Livre pensar é só pensar!

Para não desligar os neurônios

De que vale a vida sem sonhos?

SITIO 1A tão temida morte, porque inevitável, não é importante. É apenas uma passagem compulsória, imprevisível e irrevogável para o lado desconhecido do caminho e que consome inutilmente um tempo precioso que poderíamos investir do lado de cá, tornando a vida mais interessante, face aos desafios que nos impomos a enfrentar. Isto preenche a vida, isto nos dá massa crítica e espiritual para alimentar os dias, isto nos impede de “sentar no trono de um apartamento, com a boca  escancarada cheia de dentes, esperando a morte chegar“. Por ter sido sempre assim a minha vida, não poderia mudar, pois como o filosofou o escorpião, “não posso fugir à minha natureza”. Há cerca de três anos, assumi o desafio de transformar uma casa velha com um imenso quintal abandonado, em um esconderijo prazeroso. Ainda não cheguei aonde quero, mas ele já é um cantinho feliz e aconchegante. Mas já é quase um desafio vencido e o quixote que mora em mim não sossega. Eu quero mais, muito mais. Por isso, aos 69 anos, comprei dez hectares de terra semi-destruída pela predação histórica dos homens onde, por extrema sorte, sobrou uma nascente de água em meio a um resto de mata terciária. Encantou-me a possibilidade de resgatar este território judiado, torná-lo  ambientalmente recuperado e produtivo, com um laguinho em cujas margens farei uma casinha de pedra com varanda, para deitar-me em fins de tarde e banhar meu velho corpo em águas limpas e claras. Será como bater papo com Deus todas os dias…

Loucura? Desperdício de dinheiro? Delírio de velho? Qual nada! De que valerão meus dias se ficar descansando na varanda do cantinho que já construí, pensando na pressão alta, no ácido úrico, na glicose e nos triglicérides? Pensando na morte? Não, amigos, este velho quixote assumiu mais um combate com (talvez) um novo moinho-de-vento. E se esse combate é risível para muitos, para mim significa permanecer na luta, no bom combate. E ladeado por meu fiel escudeiro Sancho (João um amigo de verdade) e o velho Renault como meu Rocinante, já iniciei a labuta…
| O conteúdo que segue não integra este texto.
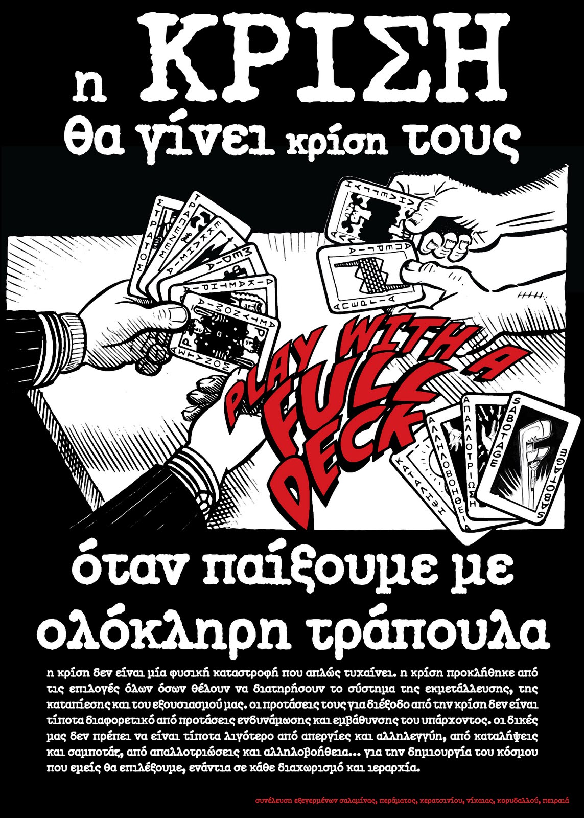 The crisis is not a natural disaster that simply happens; the crisis is the outcome of the choices of all those who want to maintain this system, in which we are exploited, repressed and governed. Their proposals on how to come out of the crisis do not differ from suggestions on how the existing situation could be reinforced and take root. Our propositions can be nothing less than strikes and solidarity, occupations and sabotage, expropriations and mutual help… in order to create the world that we choose for ourselves, against all kinds of segregations and hierarchy.
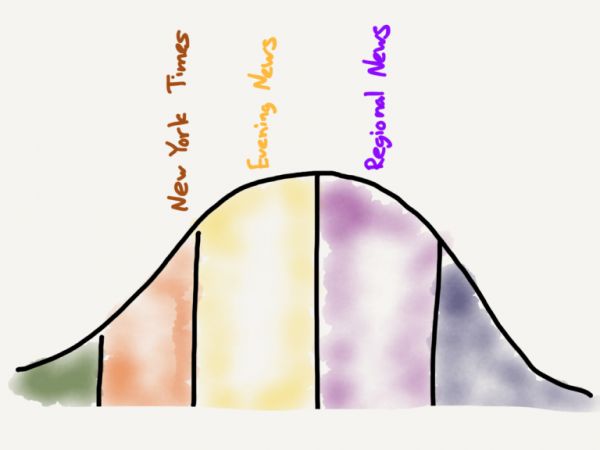 我上个月写了《纽约时报》在设定美国的新闻议程方面所发挥的传统作用。《纽约时报》早上的头条新闻就是晚上国家新闻广播的头条新闻,第二天则是区域性报纸的头条新闻。如果把这种情况映射到摩尔的模型上的话,则可能看起来会像这样:

Precisava de uma estrada interna e, embora fosse muito mais barato utilizar um trator, estou construindo-a à mão, minimizando o impacto ambiental. Nesta contrução, descobri um bacurizal nativo em formação, que só precisa de algum manejo para dar-me frutas saborosas (estava lá, só esperando cuidados para superar a judiação dos homens). A fonte ainda tem alguma vegetação terciária às margens, mas precisa de reforço arbóreo e já planejei plantar espécies regionais nas clareiras existentes. Uma outra área, sem vegetação alguma, está pedindo vida e lá vou formar um pomar, enquanto aproveito o espaço existente para colher milho, feijão e macaxeira (pois eu também gosto de comida boa).

E vejam vocês, como as idéias loucas ainda encontram adeptos: não bastando meu amigo João (que perde horas e dias planejando e trabalhando comigo), o cara que me vendeu a terra (e que já mora na cidade), me presenteou com 40 mudas de coqueiro para o pomar e 100 mudas de açaí para reforçar a mata ciliar da nascente… Talvez ele esteja sublimando, na minha loucura, o desejo que ele não poude realizar…

Talvez meu dinheiro não seja suficiente, talvez o corpo me falhe, mas terei dias fascinantes (embora trabalhosos) pela frente…

Como disse inicialmente, a morte não é importante. Ela parece ser tão importante “porque vivemos ajoelhados” diante dos nossos medos, receios e comodismos. E para resistir a vergar os joelhos, lembro-me sempre do inesquecível Che: “Sonha e serás livre de espírito… luta e serás livre na vida“.